Suerte, destino…podía llamarse como fuera, pero en ese momento todo lo que logro serenar el agitado ánimo del Uchiha fue el preciso momento en que inconscientemente alzo la mirada hacia lo alto de la escalera, en el segundo piso, y donde se encontraba Sakura, con sus brazos apoyados contra el balcón y que le dedico una luminosa sonrisa que alejo todas sus preocupaciones, deseo permanecer ahí en medio de la entrada y contemplando su belleza, la inocencia en sus hermosos ojos esmeralda, mas en ese momento todo lo que pudo hacer fue dejarse guiar por el señor Hiruzen hacia su despacho, por el momento mas concentrado en solucionar el predicamento en que se encontraba.
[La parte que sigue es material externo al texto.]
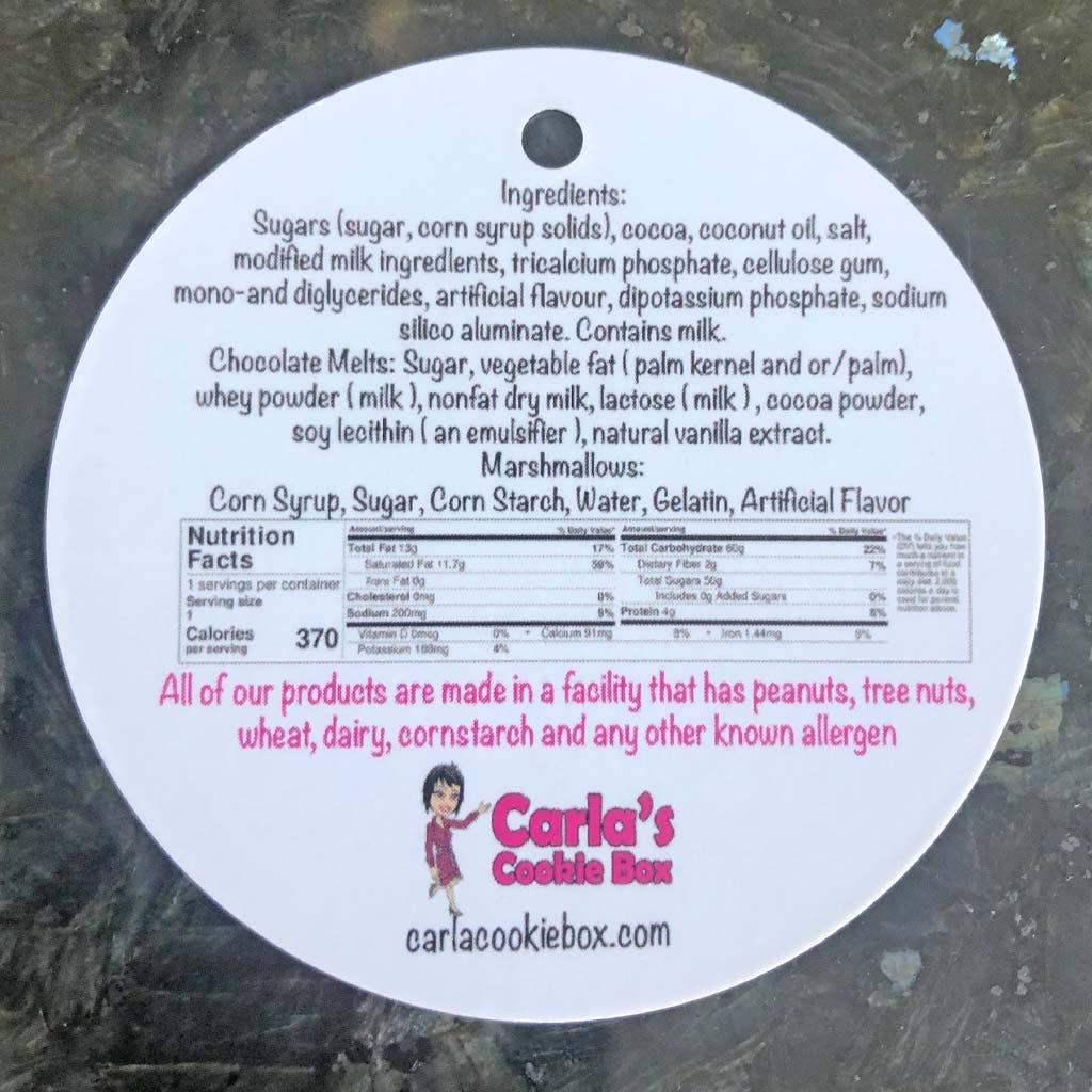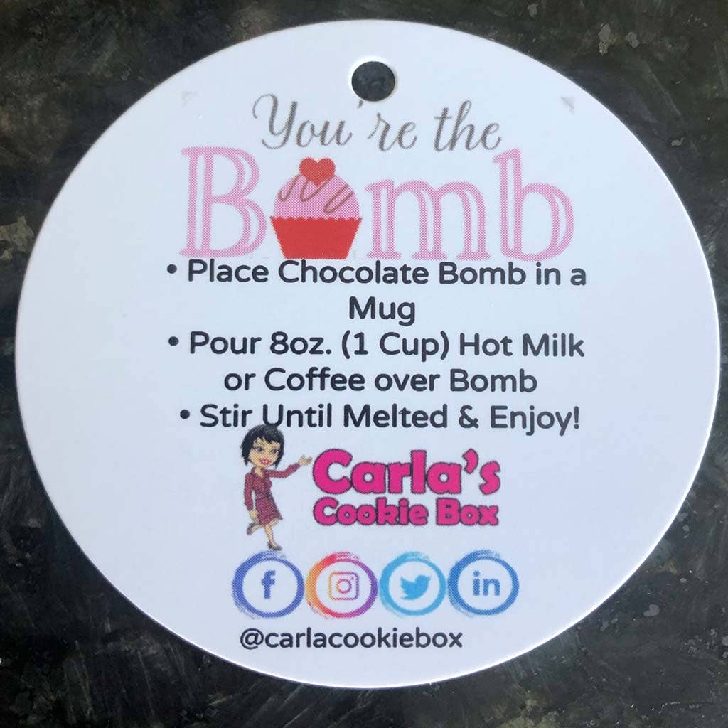 Hot Cocoa Bomb Our Hot Cocoa Bombs (seen on TIKTOK) are handmade and coated in Premium Callebaut Chocolate and filled with Gourmet Hot Chocolate and mini marshmallows. These HUGE bombs measure approximately 3 inches in diameter for a REAL treat that the whole family can enjoy. Ingredients: Callebaut Chocolate, Premium Hot Chocolate, marshmallows: . Packaged in cellophane. Labels include an ingredient list, nutritional value and disclaimers.
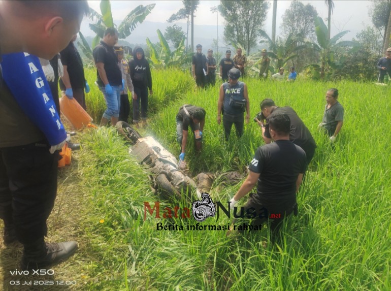 Sukabumi | Matanusa.net — Warga Kampung Ciaul, Desa Mekarjaya, Kecamatan Kabandungan, Kabupaten Sukabumi, digegerkan dengan penemuan sesosok pria muda yang sudah tak bernyawa di pematang sawah, kawasan kaki Taman Nasional Gunung Halimun Salak, pada Kamis (3/7/2025). Korban diketahui berinisial WD (25), warga Jakarta, ditemukan tertelungkup tertimpa sepeda motor Honda PCX putih bernopol B 3525 UUY.

Tan pronto como le fue posible y en cuanto estuvo segura de que su tío y Sasuke se encontraban en el despacho, Sakura bajo tan aprisa como pudo la escalera, apoyándose en el barandal, agradeciendo que la falda del vestido que estaba usando le llegara cinco centímetros bajo la rodilla para no incomodarle al caminar, situándose lo más pronto posible junto a Biwako que observaba a las mujeres delante de ella con lastima y sorpresa entremezcladas, desviando el rostro hacia Sakura…había oído y leído de la historia de su tierra, de lo que era un harem, pero jamás había pensado que vería uno con sus propios ojos, ¿Qué clase de hombre había sido el nombrado tío Madara? Según relataba el Corán solo un hombre había tenido tantas mujeres, el profeta Hagoromo que había tenido dieciséis en total, ¿Qué haría Sasuke para salir de este problema? Cualquiera se sumiría en la bancarrota por tener que cuidar y alimentar a esas quince mujeres.

-A doña Emi le va a dar un ataque—menciono Biwako luego de tan extraño silencio, no cabiendo en sí de la sorpresa así como de la incredulidad.

Todo lo que Sakura pudo hacer fue asentir de pie a su lado, porque sería raro que doña Emi no armara todo un escándalo al saber que la herencia no era lo que todos habían creído, eso y que en lugar de ser millonaria ahora probablemente estuviera en la bancarrota por tener que destinar sus bienes a velar por esas mujeres, ¿Cómo saldrían de ese embrollo?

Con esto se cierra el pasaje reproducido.